Del. Mark D. Sickles (D-Fairfax), seated right, gets a standing ovation after an emotional speech on a bill relating to religious objections to same-sex marriage at the Capitol in Richmond on Feb. 16. (Steve Helber/AP)

The Virginia House passed a bill Tuesday that would prohibit the government from punishing people and businesses who discriminate against same-sex couples, transgender individuals and those who have sex outside marriage.

Supporters say the Government Nondiscrimination Act is needed to protect what they call religious freedom in the face of shifting cultural attitudes toward gay rights and the legalization of gay marriage. Opponents say it’s a “license to discriminate,” with broad-reaching consequences.

The bill passed the Republican-controlled chamber 56 to 41, with seven Republican members voting “no,” two not voting and one absent. Although the vote is a win for the socially conservative wing of the party, the fact that some Republicans voted against it reflects a divide within the Republican Party in Virginia and the nation.

Before the vote, Del. Mark D. Sickles (D-Fairfax), who is openly gay, gave an emotional floor speech urging his colleagues to consider the sweep of history before they cast a vote that will stay with them for the rest of their lives.

“You’ll have to excuse me for taking this bill a little personally,” he said.

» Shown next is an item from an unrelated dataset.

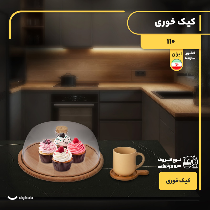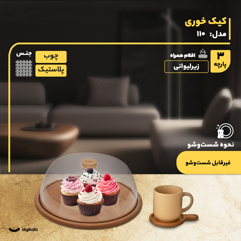 توضیحات وزن ظروف: ظرف کیک 850 گرم - زیرلیوانی 45 گرم

Gov. Terry McAuliffe (D) has said he would veto the measure if it passes the Senate and reaches his desk. But, Sickles said, “Your kids will be looking back at what you do today and how you vote on this bill.”

He went on to read from the program of Equality Virginia’s annual dinner, noting prominent businesses and political donors that support gay rights, including utility giant Dominion, whose ad trumpeted the “power of diversity,” and Lutheran Family Services.

He received a standing ovation from House Democrats.

The bill’s sponsor, Del. C. Todd Gilbert (R-Shenandoah), defended the bill, which he said would provide reasonable accommodation for deeply held religious beliefs.

“We find ourselves constantly under attack by the shifting cultural winds . . . that blow against us,” Gilbert said.

Gay rights activists are not satisfied with equality, he said, “and they will not be satisfied until people of faith are driven out of this discourse. They want us driven out.”

At Gilbert’s urging, some of his colleagues clapped and stood for him, as well.

Under the bill, an individual, corporation, partnership, association, trust, society or any other legal or commercial entity can cite religious belief in defense of its opposition to gay couples, transgender people or unmarried couples without fear of losing tax benefits, grants, contracts, loans, scholarships, certification, accreditation or jobs. There are exceptions for hospitals making decisions about visitation or emergency medical treatment.